═══ RAW DATA

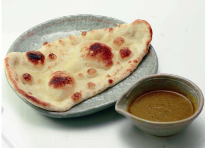
ナンカレー ¥336 円(税込)
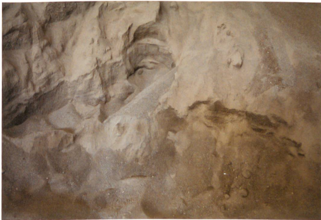
La terre séchée avant le conditionnement pour la formation des blocs
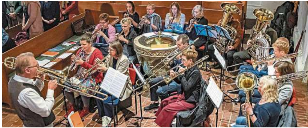
Mit dabei ist dieses Mal der Posaunenchor Wietzen.

══════

WHAT IS BEING ASKED: An unchanged copy of the data, images excluded, is all that should be given.

PROBLEM SOLUTION:
ナンカレー ¥336 円(税込)
La terre séchée avant le conditionnement pour la formation des blocs
Mit dabei ist dieses Mal der Posaunenchor Wietzen.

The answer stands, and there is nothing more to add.